Continuing on with our popular series of items I read in Pacific Northwest online news sources, usually the Seattle Times, which I seldom or never would read in the Fort Worth Star-Telegram, today's Seattle Times had a Mother Lode of such items.
A few years ago in downtown Fort Worth no developer could see the viability of building a hotel, so the voters had to vote to provide funds so Fort Worth's Convention Center could add a hotel. Towns which have a lot of visitors with a lot of conventions need not resort to such measures to build a needed hotel.
A few days ago in a blogging titled Wondering Why There Are No Plans To Build Fort Worth A New Skyscraper I mentioned that rarely a week goes by where I will not read of some new big Seattle construction project, while this rarely happens in Fort Worth, and when it does, it always seems who ever is doing the building has been given a lot of incentive perks.
Regarding the lack of new development in downtown Fort Worth, Mr. Spiffy made an interesting comment on Facebook....
If you were a real estate developer and knew that the downtown plans for a new lakeshore may or may not happen - or may take another decade, would you commit your resources to that project? The Gator Island (let's change the name, please) project is slowing downtown progress. Or eliminating it altogether.
What Mr. Spiffy says seems so true. Downtown Fort Worth is stymied by the slow motion progress of America's Biggest Boondoggle. Why would a developer develop anything in the downtown Fort Worth area when, just to the north of downtown, there is this "project", which in one of its many name iterations was called Central City, which might be the place one would want to invest in, not in the existing downtown area.
If only the Trinity River Central City Uptown Gator Island Vision Boondoggle had been voted on by the public and fully funded in the way successful public works projects are, well, the project would likely be completed by now, with downtown Fort Worth experiencing a booming economy, rather than a downtown where one might still find a panther sleeping.
Or a gator.
The first item you see from the Seattle Times tells us of yet one more construction project in downtown Seattle. This time it is what will be the largest hotel in the Pacific Northwest.
The second item tells us dozens of sturgeon have been found dead in the Columbia River. I did not know sturgeon in large numbers were still navigating the Pacific Northwest rivers.
To give you an idea of how big a sturgeon is, that is Spencer Jack's dad's, dad's, dad's, dad, my grandpa, displaying a sturgeon he caught in the Nooksack River.
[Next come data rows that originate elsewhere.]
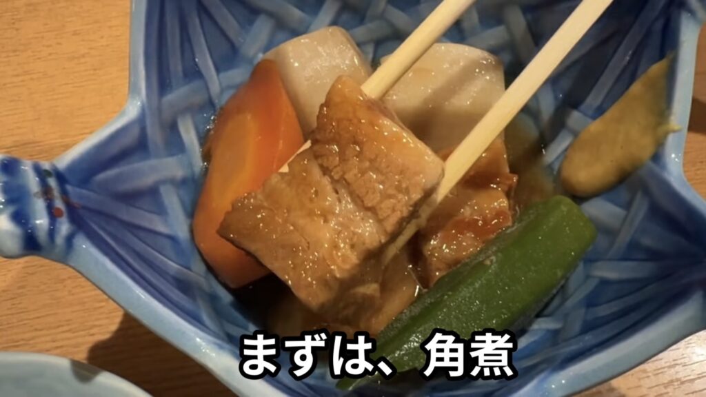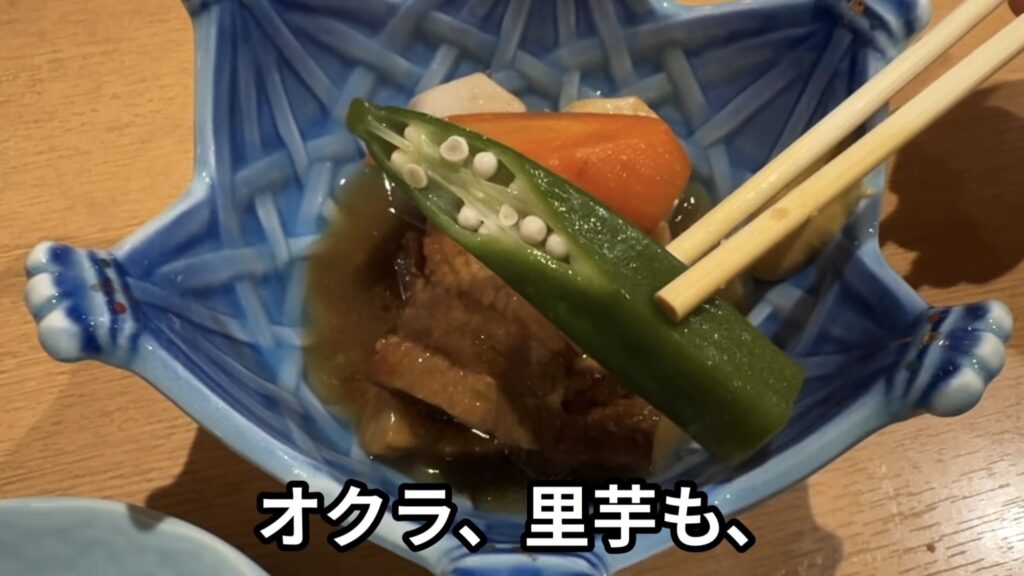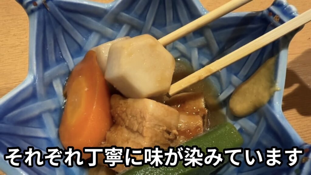 添えられたにんじん、オクラ、里芋にも味がしっかり染みていて、野菜の優しい甘みも楽しめます。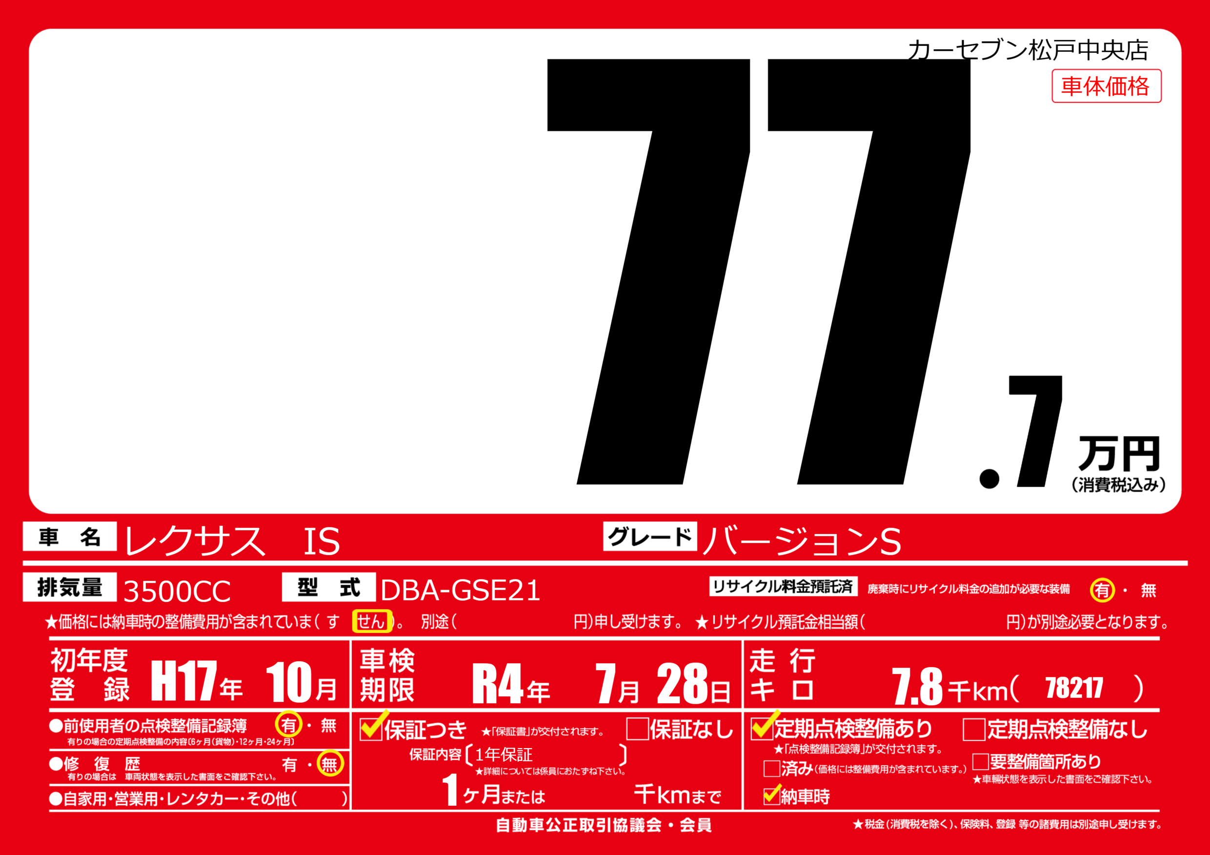 | 車名 | レクサス IS | グレード ミッション 排気量 |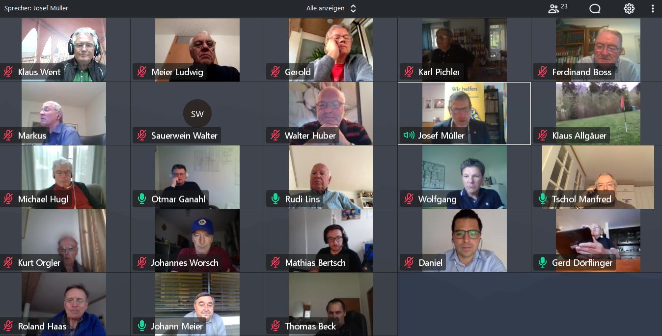 Bild 2: 23 von 34 Clubmitgliedern waren beim ersten virtuellen Clubabend anwesend und beteiligten sich am Gespräch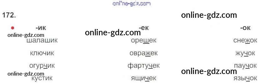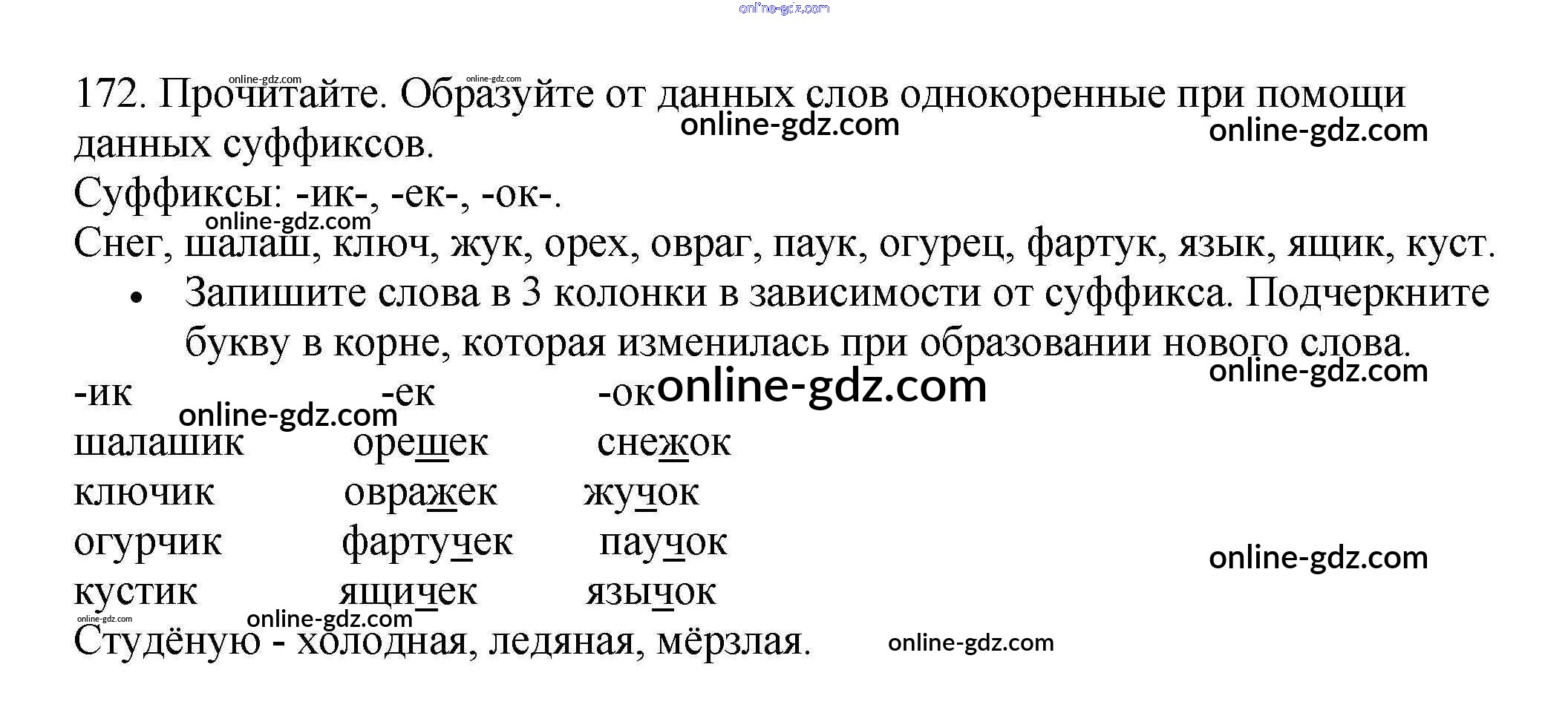 Готовые домашние задания по Русскому языку за 3 класс Рабочая тетрадь Канакина Школа России 2012 - Часть 1. Упражнения 172

The Nooksack is the furthest north of the Western Washington rivers, getting most of its water in summer from snow and ice melting on Mount Baker. I suspect the Nooksack River is currently in creek mode.
The third item of three clustered together in the Seattle Times, that one would not see in the Star-Telegram, tells us that Washington's legal pot businesses are set to make a lot of money. I have no idea why, or how. The Seattle Times only lets me read five articles a month. Which is five more than the Star-Telegram allows me.
That brings us to the fourth item I saw today on the Seattle Times front page which is unlikely something I would see in the Fort Worth Star-Telegram.
Can you imagine reading in the Star-Telegram "Downtown Fort Worth hotel development booms to meet record demand for rooms in Fort Worth"?
This is not the first time the Washington State Convention Center in downtown Seattle has expanded. I think the most recent expansion occurred since I've been in Texas, because I remember walking around in the downtown zone in 2004 and being surprised by a giant glass atrium spanning, I think it was 5th Avenue, and learning it was a new part of the Convention Center.
This latest expansion will double the capacity of the already HUGE convention center, is expected to cost $1.4 billion, with construction beginning in 2017, completion in 2020.
Imagine that, a project with a project timeline.
With its three year construction time, this Seattle Convention Center expansion must be a much simpler project than America's Biggest Boondoggle's three simple little bridges, connecting the mainland to the imaginary Gator Island, taking four years to build.
Near as I can tell, no child of any Seattle Congressperson has been given the job of overseeing this project. That may explain why this Seattle project will be a reality in 2020 whilst America's Biggest Boondoggle is still boondoggling along, trying to figure out how to dig a ditch and add water to go under those three simple little bridges to Gator Island.....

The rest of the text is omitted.